▶ [ACTIVITY] The output must match the entries below exactly, with pictures removed.

▶ [DATA IN THIS EXERCISE]
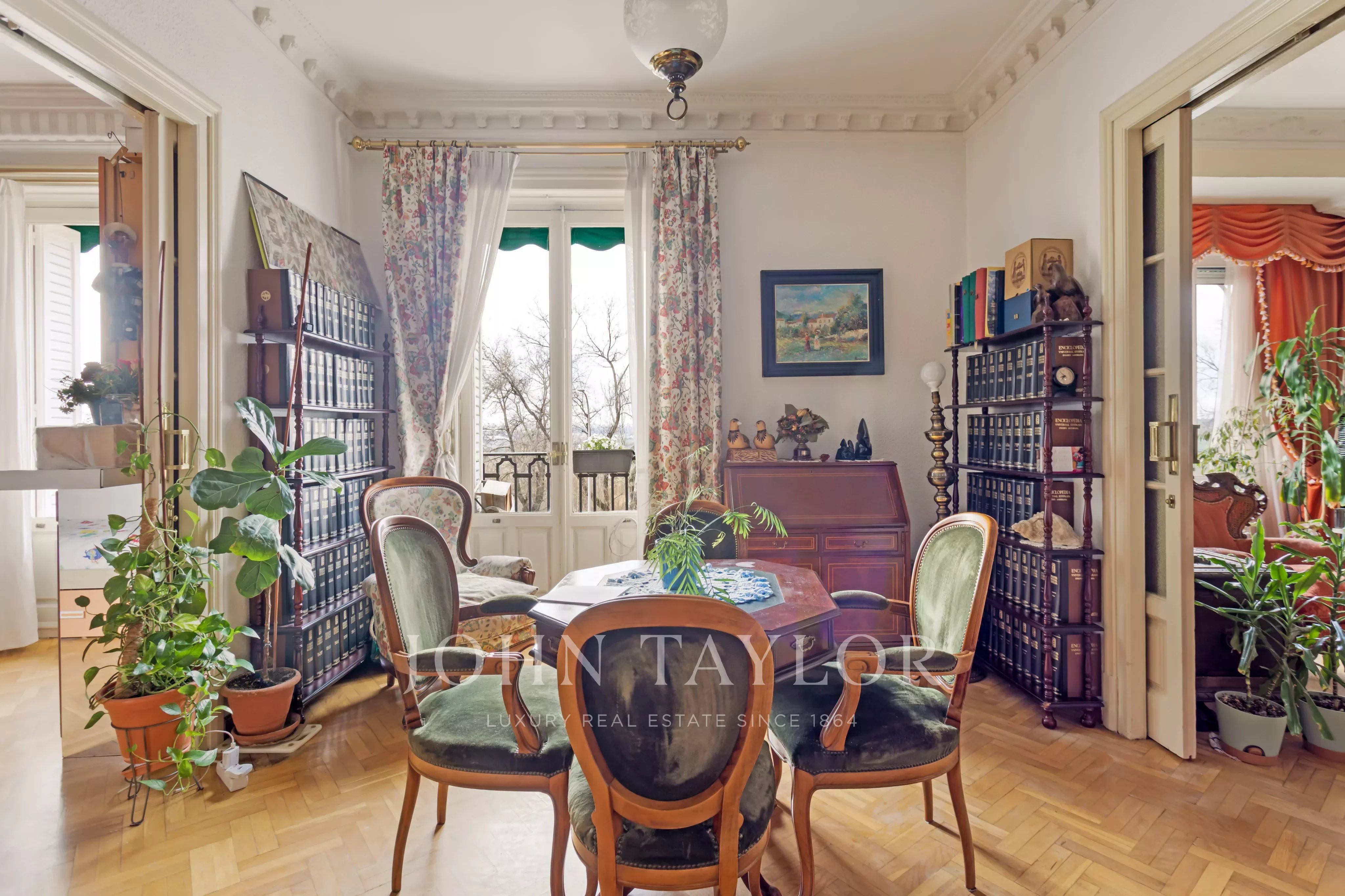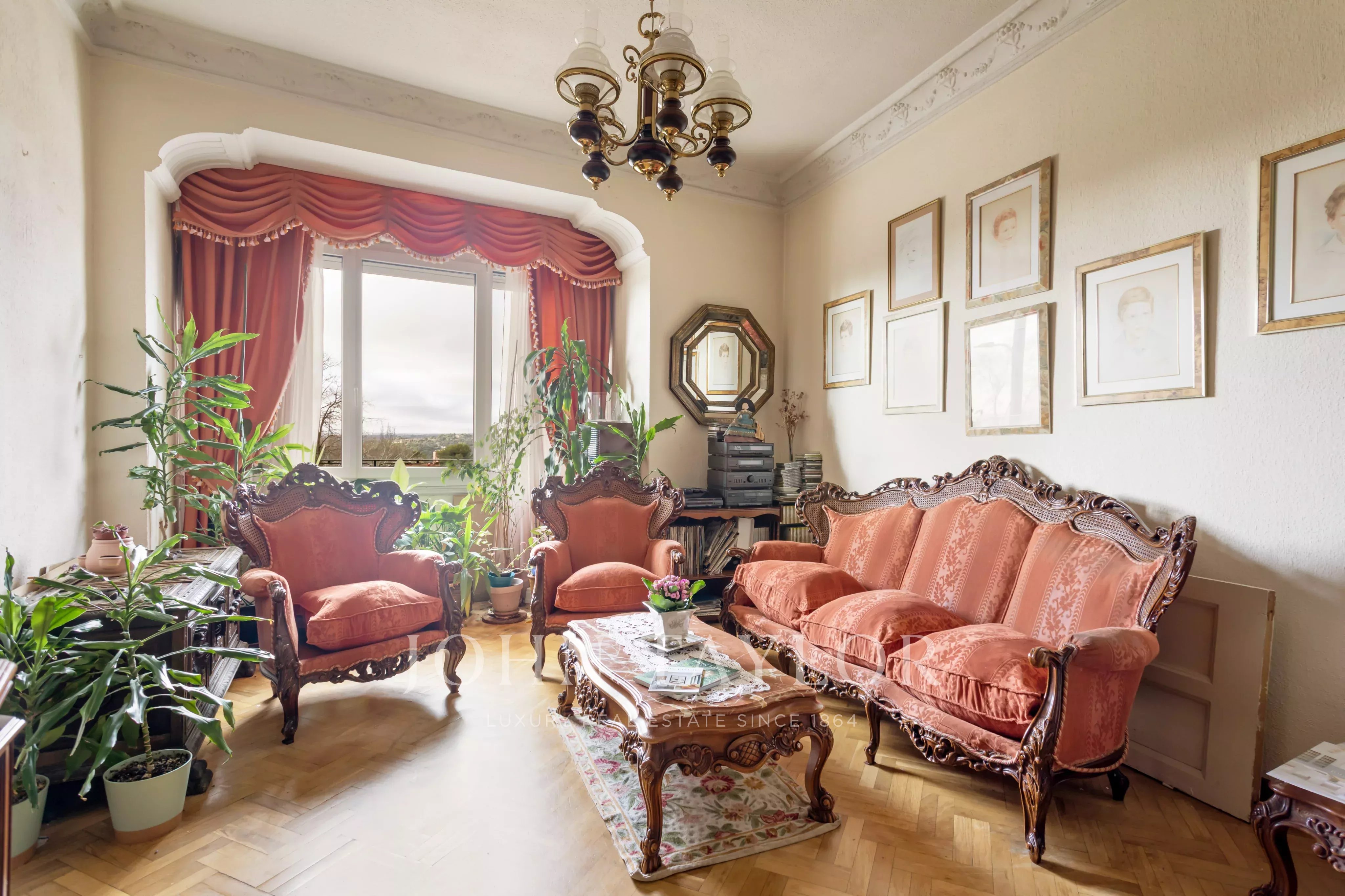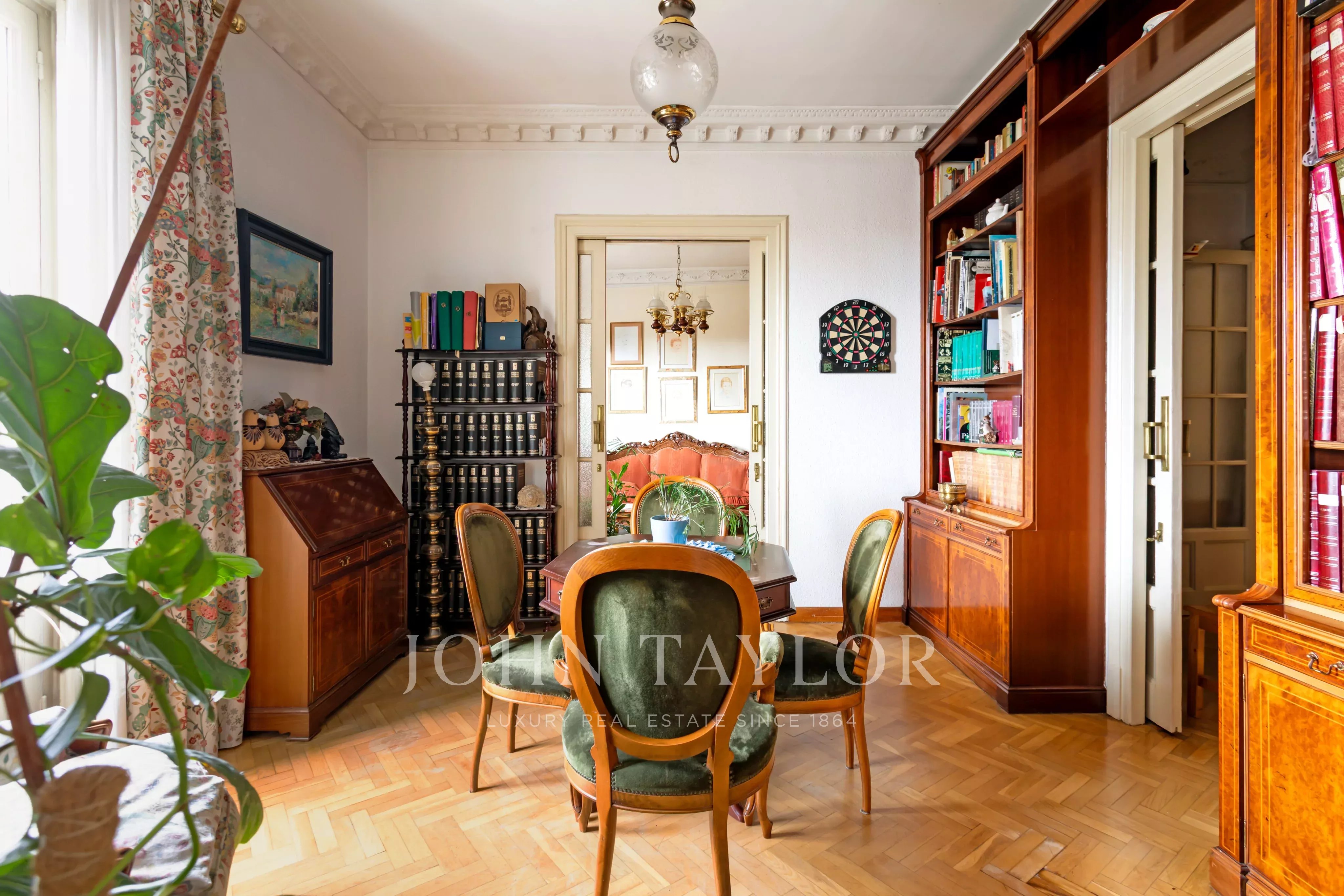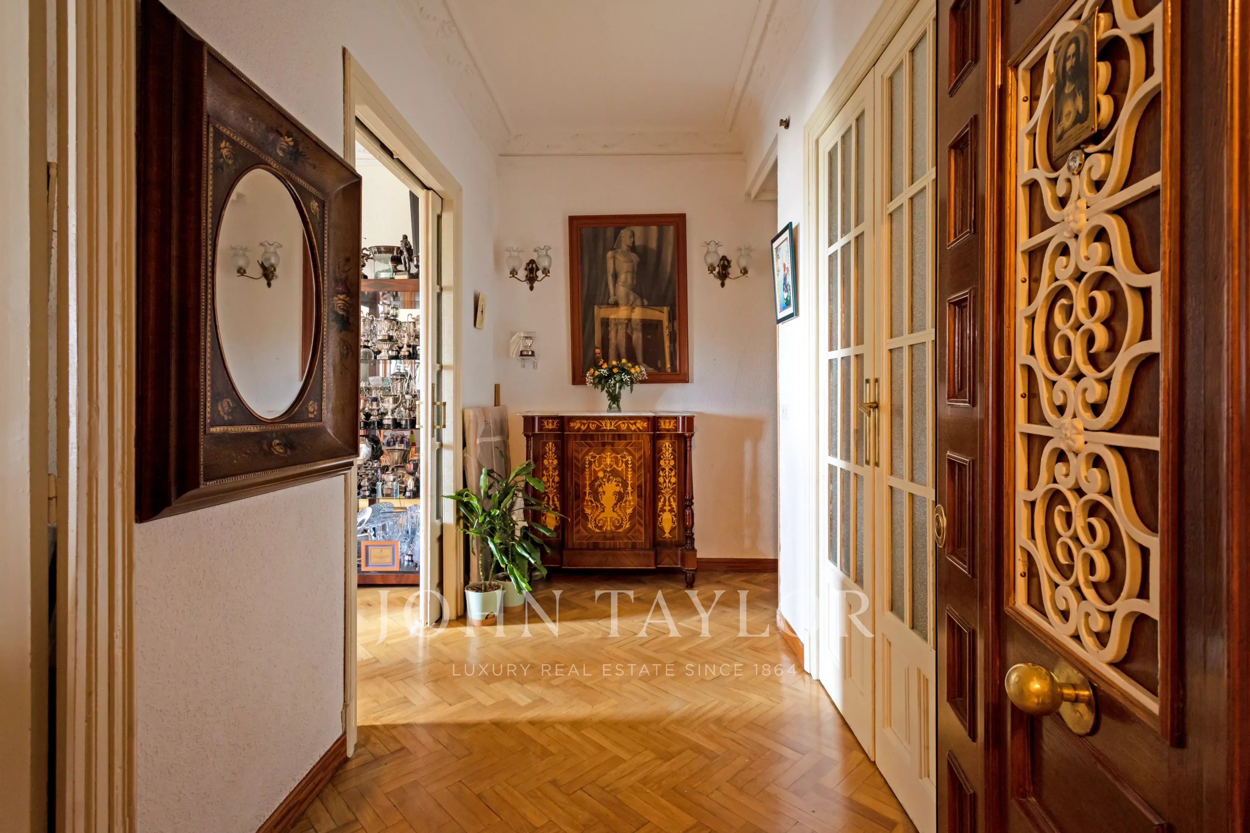 A propriedade destaca-se pelo seu carácter imponente, com tectos altos, molduras clássicas e uma arquitetura que evoca a elegância de um autêntico apartamento palaciano. A sala de estar, espaçosa e banhada por luz natural, abre-se para imponentes varandas com vista direta para o parque, um espaço protegido que garante uma privacidade absoluta e vistas inalteráveis ao longo do tempo.
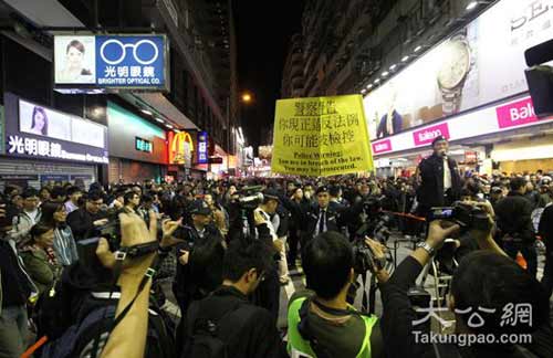 大公网12月25日讯(记者 冼国强)“占中”阴魂未散,多个团体趁昨日平安夜发起与“占中”相关的后续活动。约300名示威者在铜锣湾以“报佳音”为名阻塞街道并高唱讽刺政府及警方的改编歌曲,警方数度出示黄旗要求示威者离开。社民连立法会议员梁国雄临近凌晨12时到铜锣湾,示威者又到时代广场钟楼举起黄色直幡之后散去,又声称元旦见。旺角则有约600人在弥敦道一带四处游荡,警方一度警告在场市民正参与一个未经许可的非法游行,要求在场人士立即解散,否则拘捕。
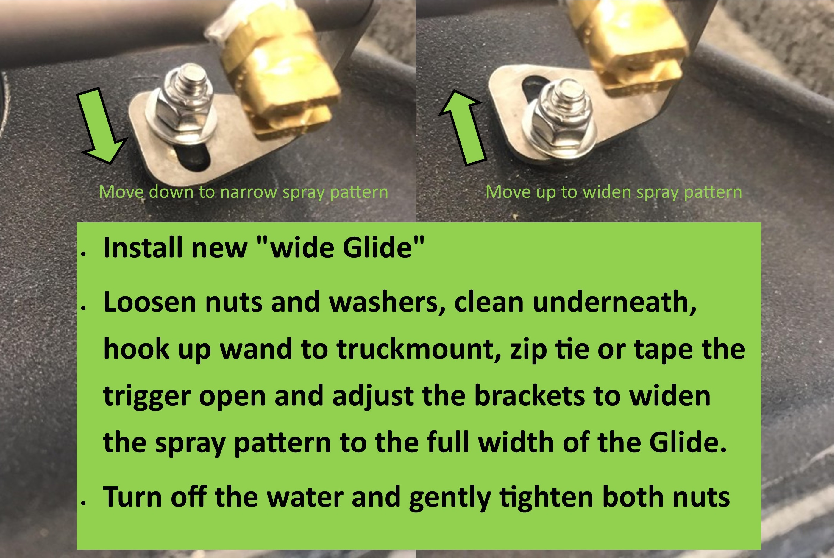 With the new GreenGlides "Wide Glide" and some adjustments made to your spray pattern you can now clean all the way to the baseboard!
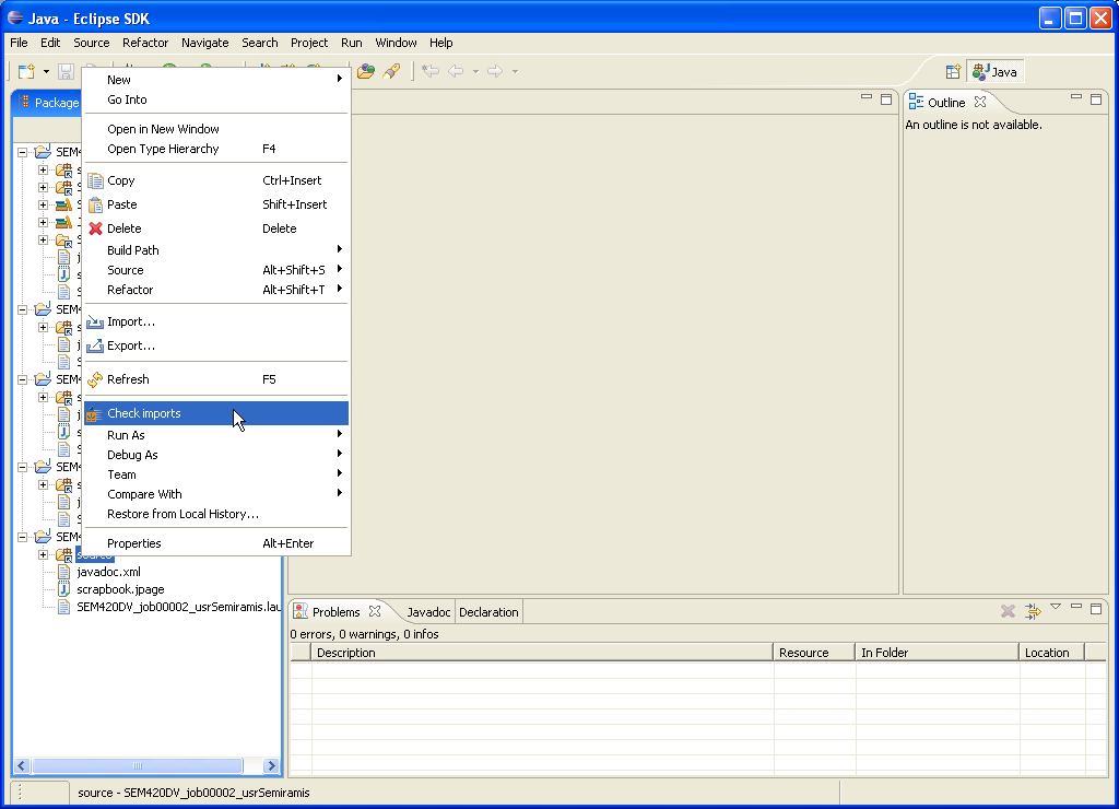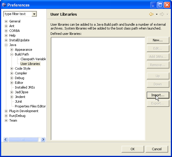 Das Eclipse-Projekt besteht aus mehreren Dateien. Diese Dateien wurden im Ordner C:\semiramis\templates\SEM420DV erzeugt. Bevor das Projekt importiert wird, muss die Benutzerbibliothek für das System importiert werden. Der Import erfolgt über das Menü Window/Preferences/Java/Build Path/User Libraries/Import.
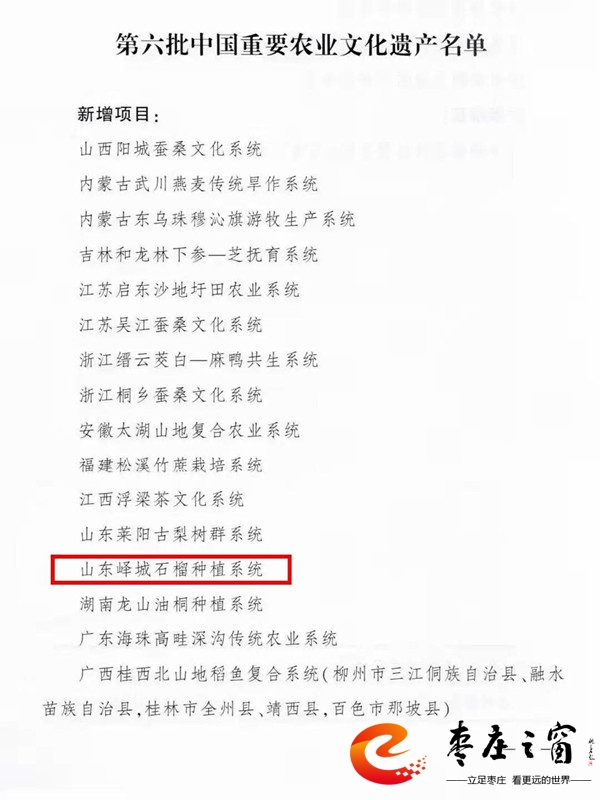 重磅!嶧城石榴種植系統(tǒng)入選第六批中國重要農業(yè)文化遺產名單
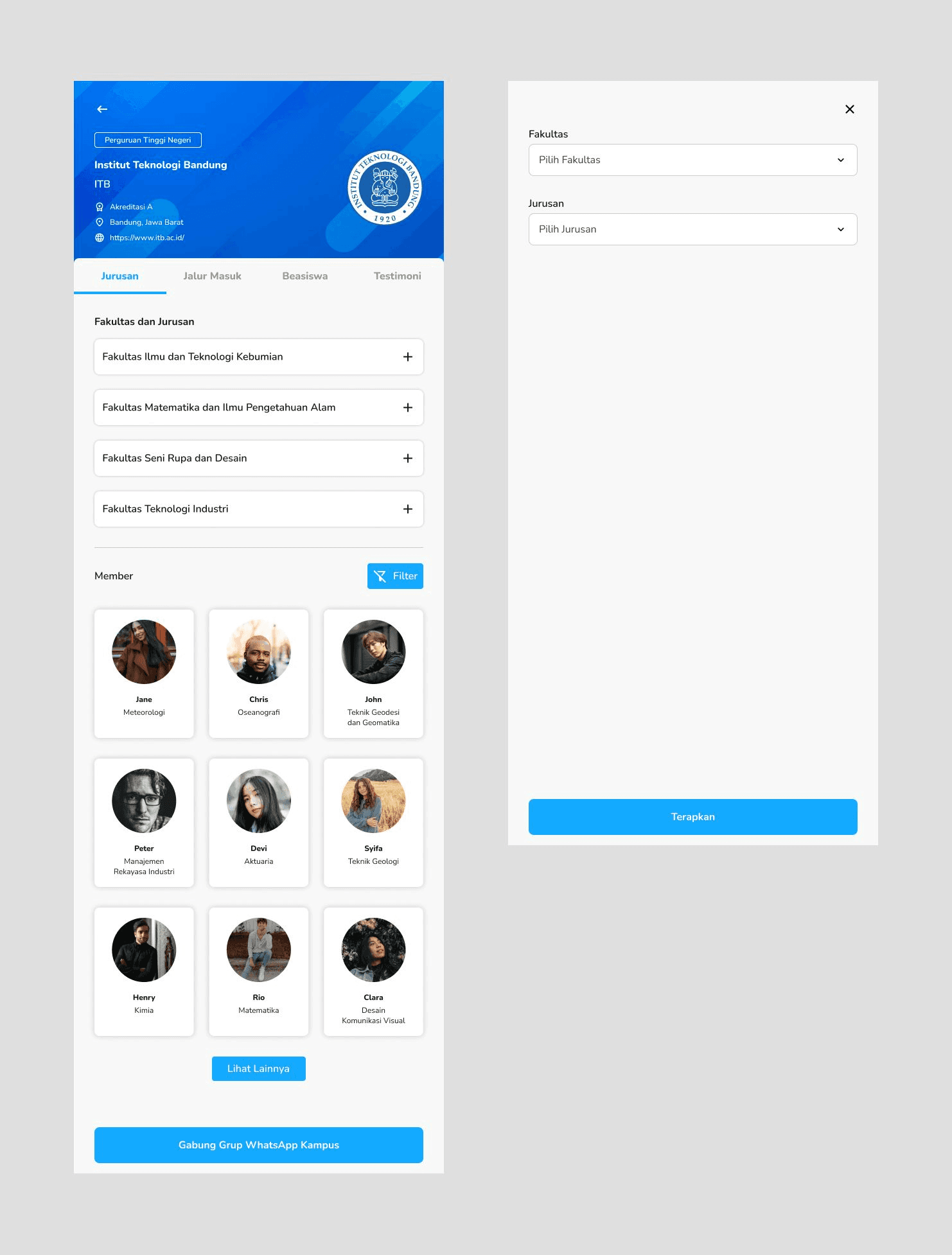 This is quite straightforward, there is the university logo with a background that matches its colour scheme. In the faculty and majors section, I created an accordion in which users can choose and click on their desired majors. In the members section, there is a filter option to filter the members according to faculty and majors. On the bottom side of the screen, there is a button that directs users to join the campus WhatsApp group with other Edukasi Hub members.

▶ [OUTPUT]
 A propriedade destaca-se pelo seu carácter imponente, com tectos altos, molduras clássicas e uma arquitetura que evoca a elegância de um autêntico apartamento palaciano. A sala de estar, espaçosa e banhada por luz natural, abre-se para imponentes varandas com vista direta para o parque, um espaço protegido que garante uma privacidade absoluta e vistas inalteráveis ao longo do tempo.
 大公网12月25日讯(记者 冼国强)“占中”阴魂未散,多个团体趁昨日平安夜发起与“占中”相关的后续活动。约300名示威者在铜锣湾以“报佳音”为名阻塞街道并高唱讽刺政府及警方的改编歌曲,警方数度出示黄旗要求示威者离开。社民连立法会议员梁国雄临近凌晨12时到铜锣湾,示威者又到时代广场钟楼举起黄色直幡之后散去,又声称元旦见。旺角则有约600人在弥敦道一带四处游荡,警方一度警告在场市民正参与一个未经许可的非法游行,要求在场人士立即解散,否则拘捕。
 With the new GreenGlides "Wide Glide" and some adjustments made to your spray pattern you can now clean all the way to the baseboard!
 Das Eclipse-Projekt besteht aus mehreren Dateien. Diese Dateien wurden im Ordner C:\semiramis\templates\SEM420DV erzeugt. Bevor das Projekt importiert wird, muss die Benutzerbibliothek für das System importiert werden. Der Import erfolgt über das Menü Window/Preferences/Java/Build Path/User Libraries/Import.
 重磅!嶧城石榴種植系統(tǒng)入選第六批中國重要農業(yè)文化遺產名單
 This is quite straightforward, there is the university logo with a background that matches its colour scheme. In the faculty and majors section, I created an accordion in which users can choose and click on their desired majors. In the members section, there is a filter option to filter the members according to faculty and majors. On the bottom side of the screen, there is a button that directs users to join the campus WhatsApp group with other Edukasi Hub members.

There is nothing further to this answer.